Слева и справа от входа стояли два кое-как застеленных топчана. А прямо перед Славкой была еще одна дверь в перегородке, не дверь, а проем. Оттуда по очереди выглянули две Нюрки-наборщицы и еще скуластый, худой, круглоглазый, как сова, печатник Иван Алексеевич. Этот что-то писал за столиком, курил "козью ножку".
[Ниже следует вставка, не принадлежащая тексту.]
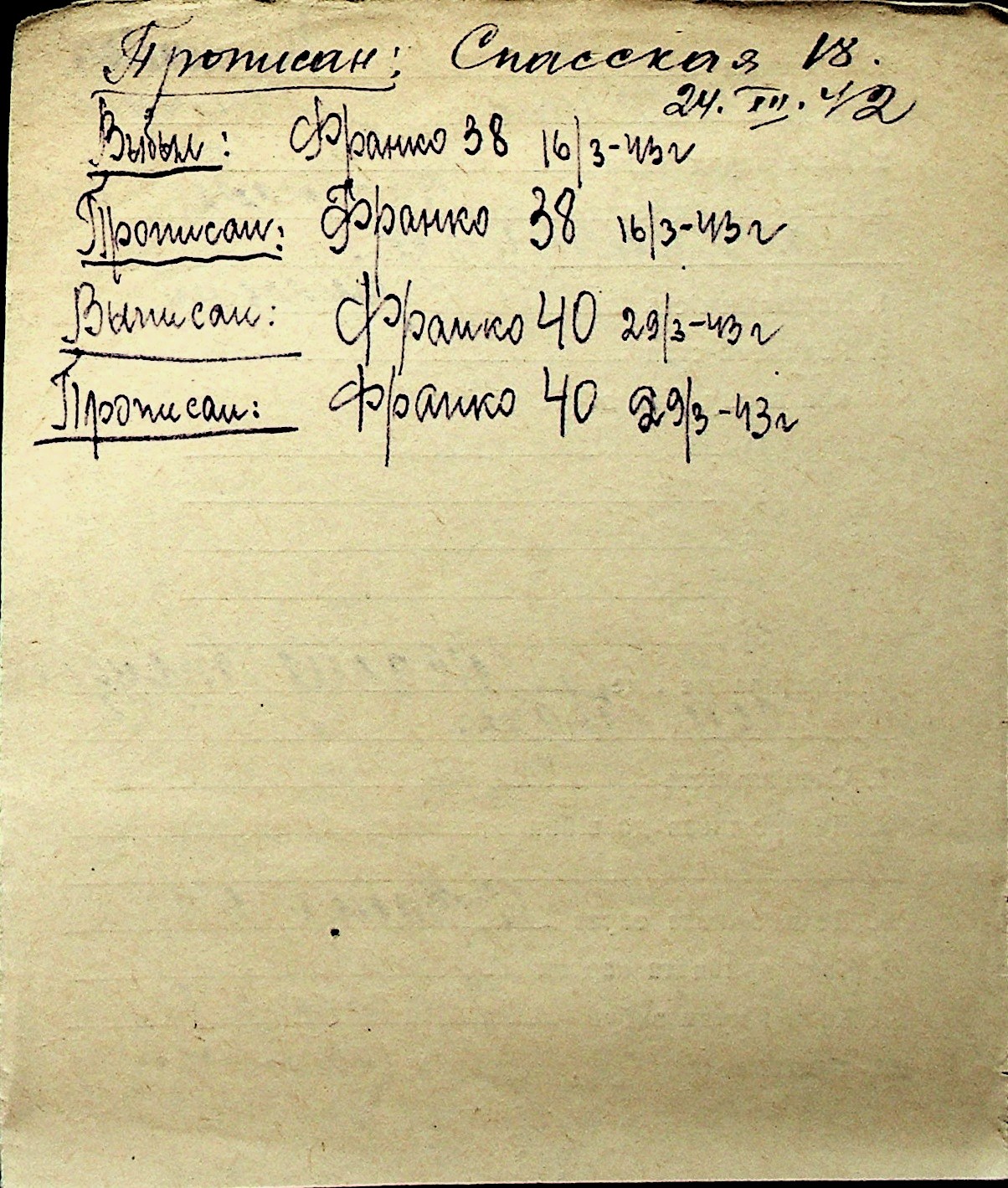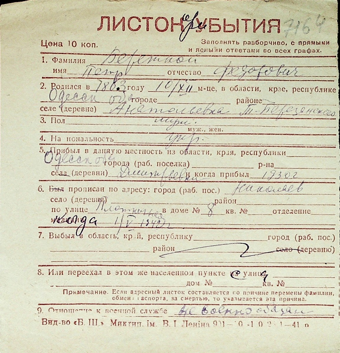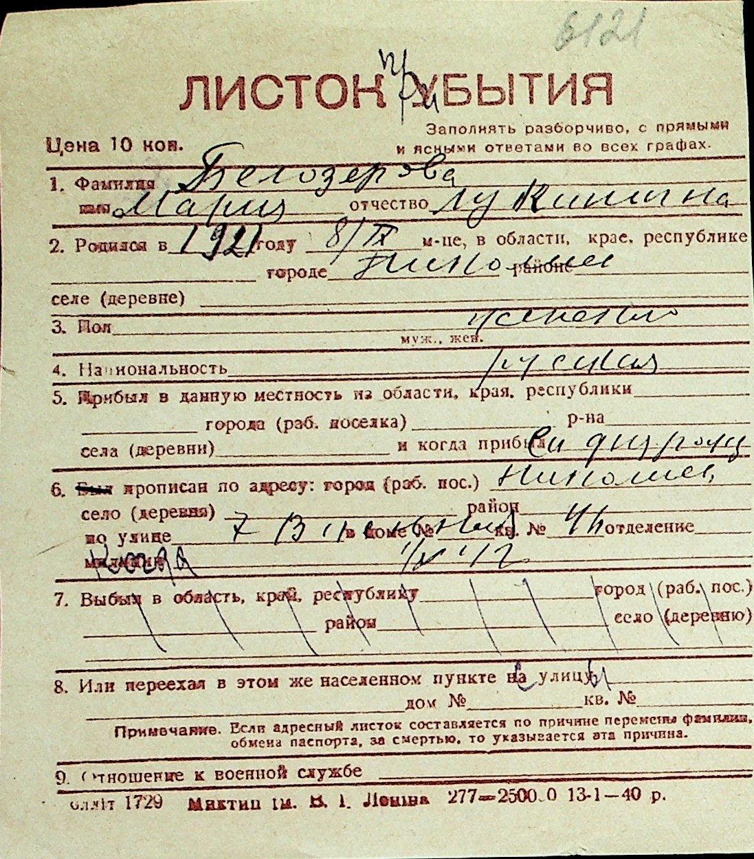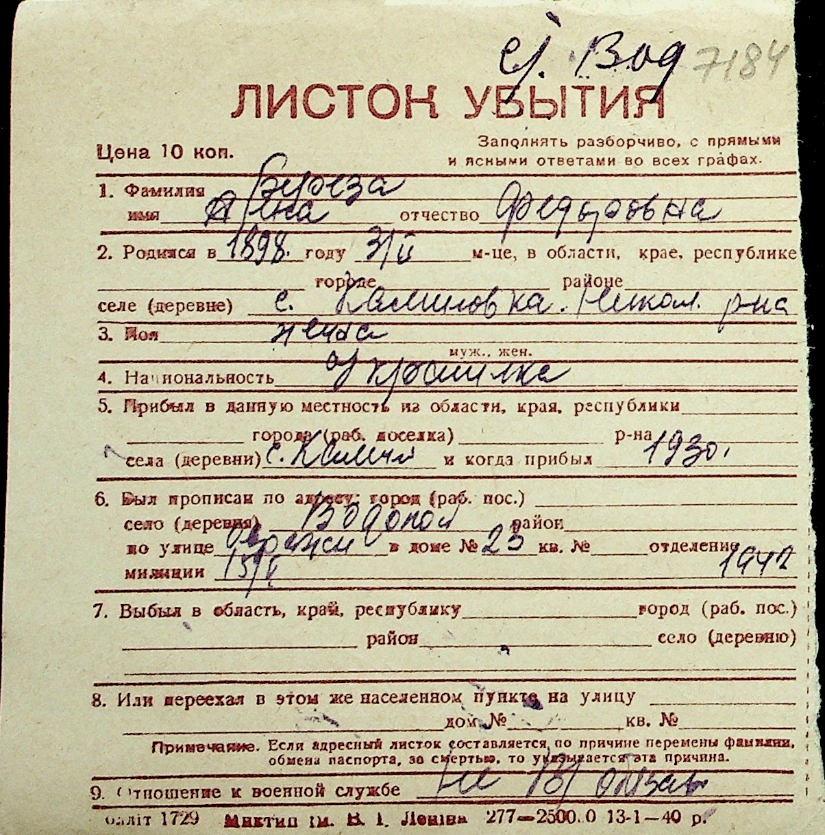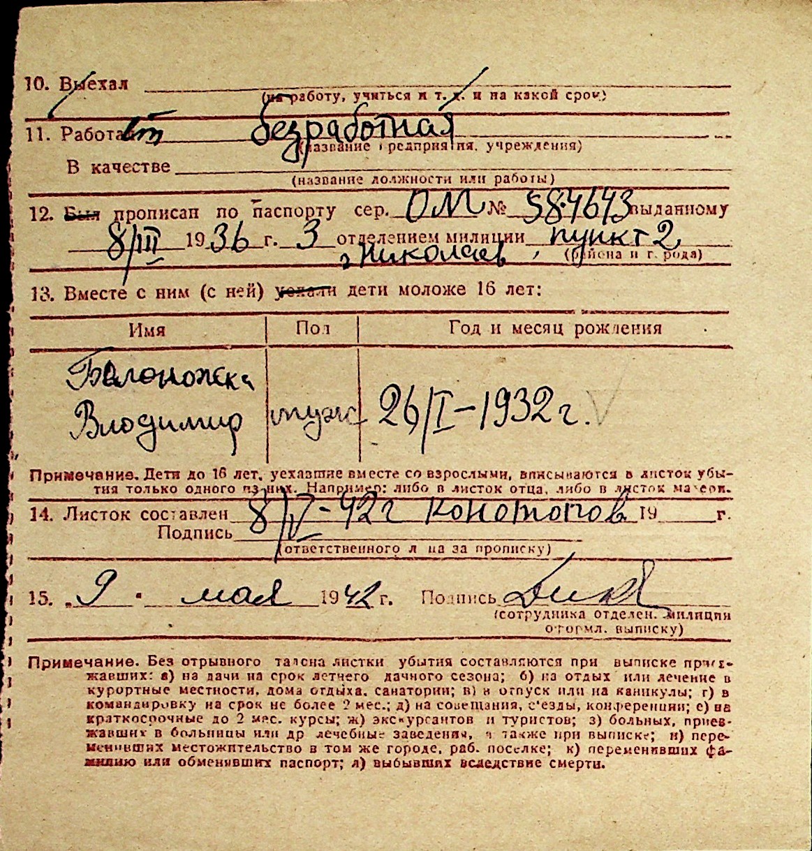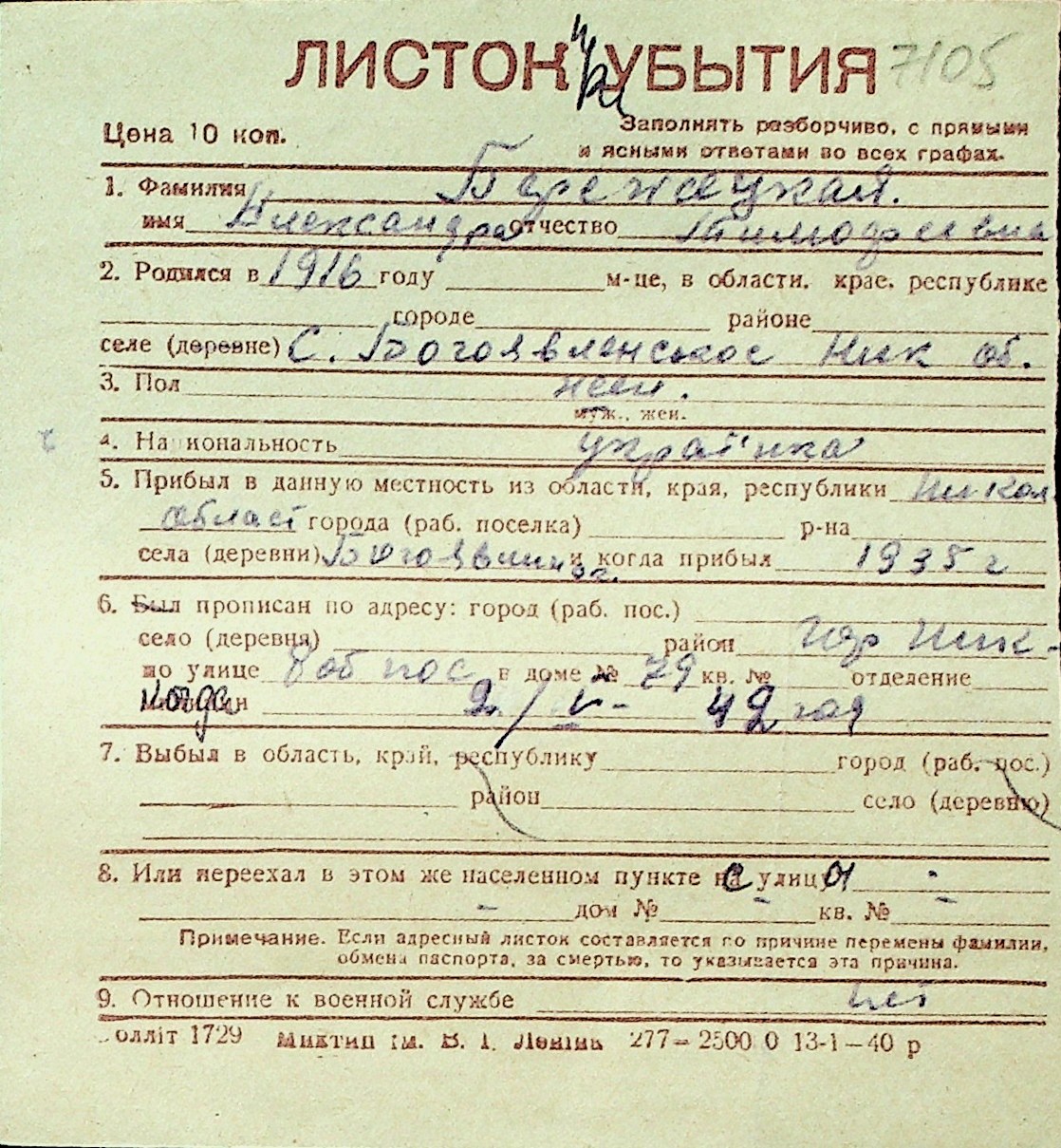◦ ◦ Перелік карток на осіб, які мешкали у м. Миколаїв у період окупації 1941–1944 років
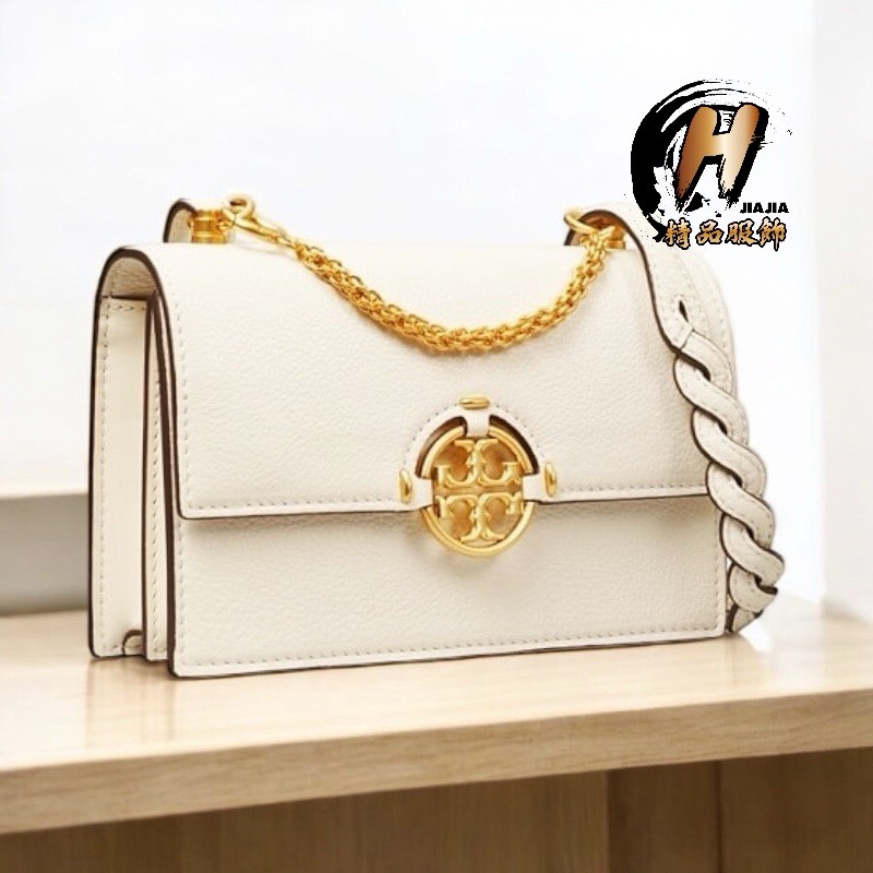 TORY BURCH TB MILLER雙T金字Logo 真皮翻蓋鏈條 米白色 手提斜背包✅正品代購
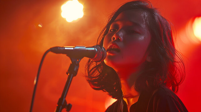 A close-up of the girl's face, lit by stage lights, highlighting her intensity and focus while singing.
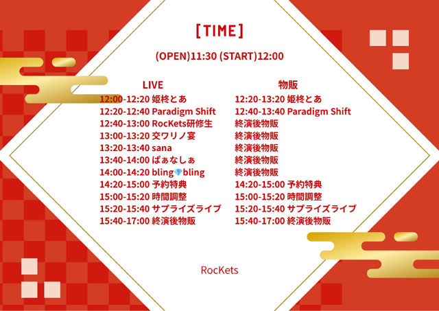 ・その他、不明な点は必ず当日その場にて運営・スタッフに確認ください。問題などが確認できましたら対応または返金などの対処をさせていただきます。イベント終了後のいかなるご質問、ご要望に対しては対応いたしかねますのであらかじめご承知ください
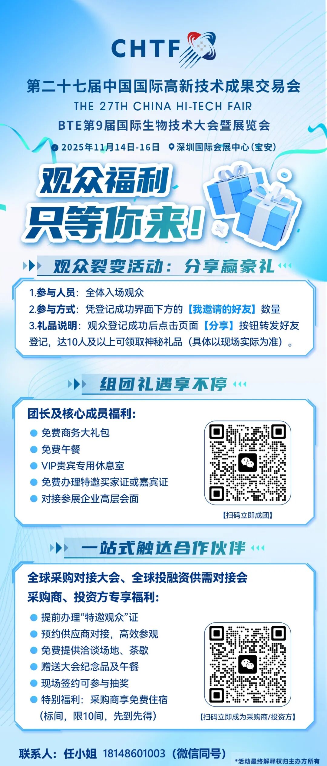 第二十七届高交会 BTE国际生物技术大会暨展览会将充分发挥平台桥梁作用,助力科技成果转化与企业资源对接。期待与您共聚盛会,共创价值。
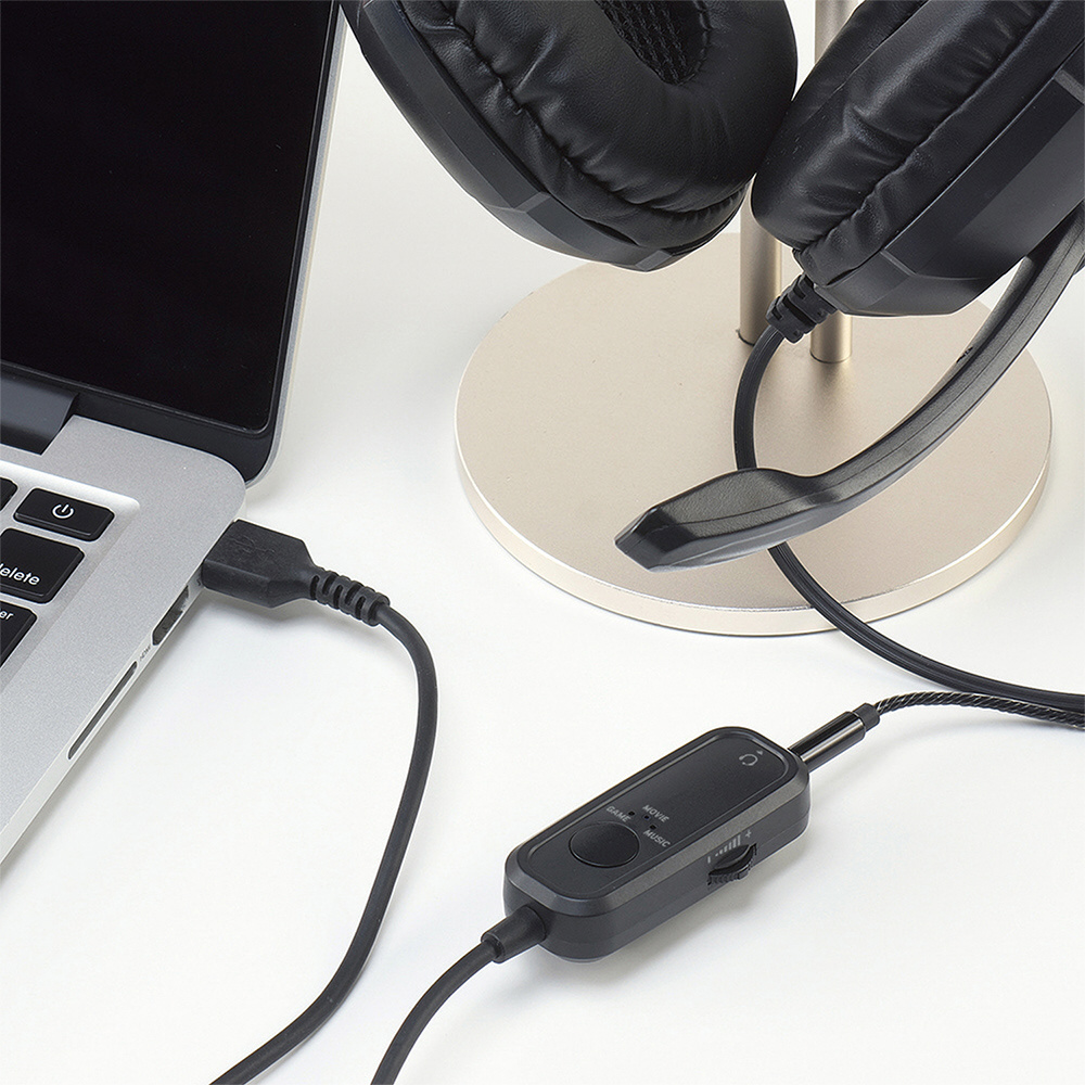 イヤホン/マイク端子のないパソコンでも、お気に入りのヘッドセットやマイク付きイヤホンをご使用いただけます。
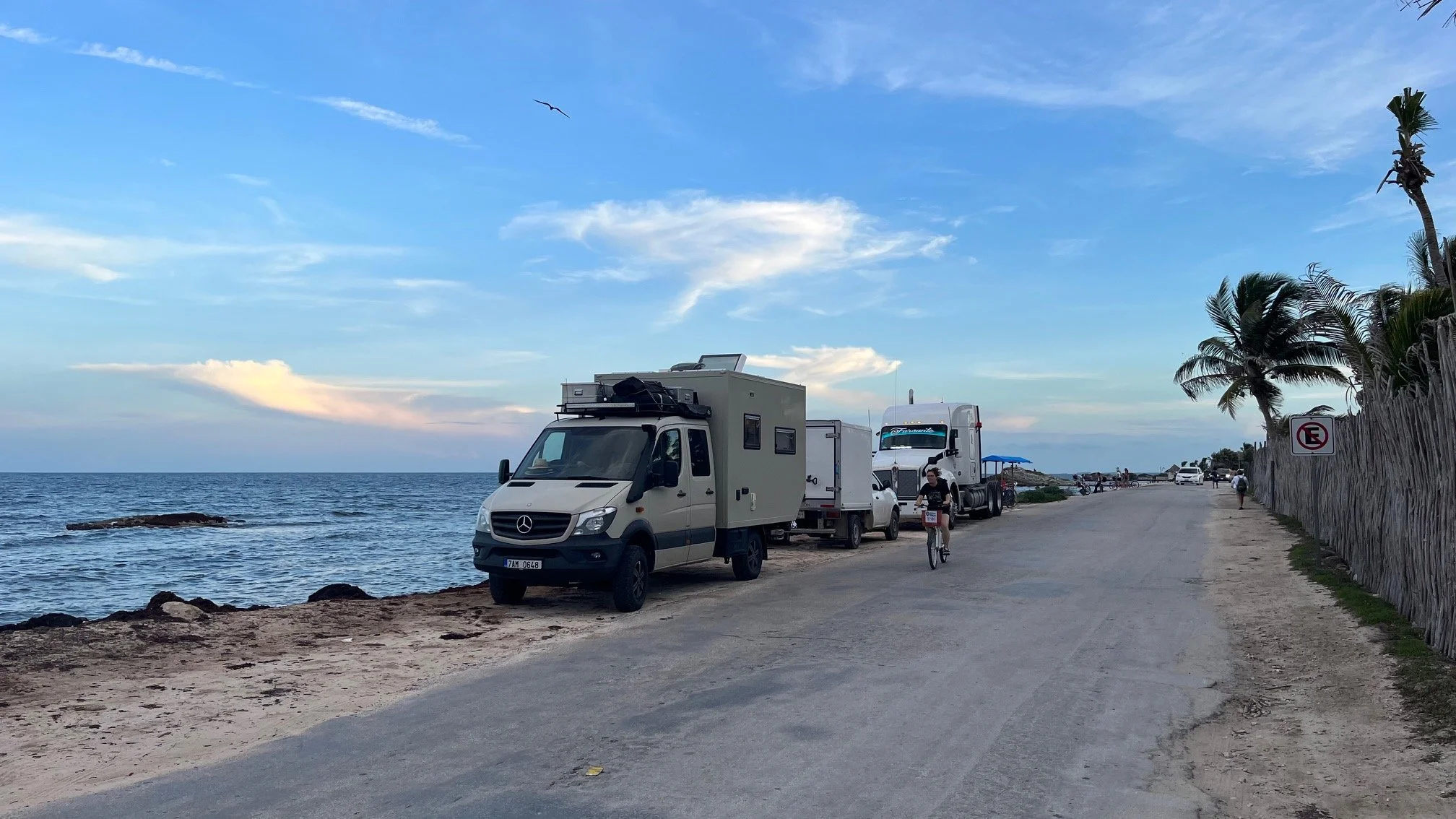 Rychle nakupuji v supermarketu – jen malé kukuřičné tortily na tacos, které potřebuji k večeři. Zažívám tam ten kulturní šok a pak už zase naskakuji do vychlazeného auta a vydávám se společně se zbytkem rodiny hledat místo k přespání. Nakonec ho najdeme hned u silničky, které vede kolem moře. Z většiny své délky je tahle silnice lemována zahradními a plážovými bary a restauracemi, jen asi 200 metrů je ponecháno volných. Mexičané ten úzký kamenitý pruh podél moře využívají k rybaření a plážování. Nám se podaří najít jedno místečko k zaparkování na krátkém úseku, kde je možné podél silnice parkovat. Moře máme asi 5 metrů od auta, jeho hučení přehluší rachot projíždějících aut i hlasy procházejících lidí.

Славке все тут начинало нравиться: и домик в лесу, и внутри домика, и те, кто выглядывал, и тот, что писал, и даже запах махры, краски и сухой бумаги. О редакторе так просто сказать было нельзя: понравился или не понравился. Редактор, Николай Петрович Коротков, был сложней этих простых слов. Славке он казался человеком неуютным, какая-то в нем тайна, что ли, была, недоступная Славке и немножечко пугавшая его. Возможно, оттого так казалось, что с Николаем Петровичем нельзя было встретиться глазами, нельзя было заглянуть ему в глаза, чтобы могли соприкоснуться душа с душой. Николай Петрович заметно косил, и поэтому когда смотрел на человека, то смотрел как бы мимо него.

Загвоздил точку и сказал:

– Все! Смерть немецким оккупантам!

Потом встал и начал знакомить Славку с людьми, с обстановкой, опять же скользя своими разными глазами мимо Славки, мимо других людей, мимо предметов, на которые падал его взгляд. Голос его был с хрипотцой, но временами раздавалось в нем что-то, похожее на клекот, особенно когда он смеялся, коротко всхохатывал. А посмеяться он любил иногда. Вот наш профессор, выдающийся партизанский публицист, Бутов Александр Тимофеевич. Славка пожал мягкую руку Бутову. Вот первопечатник Иван Федоров, для конспирации зовем его Иваном Алексеевичем, а это – Нюра одна, Нюра другая; ты чего, Нюра, закрываешься рукой, ты не стесняйся Славки, ха-ха! А парень он действительно, смотрите не влюбитесь, набирать будете с ошибками, хо-хо-хо.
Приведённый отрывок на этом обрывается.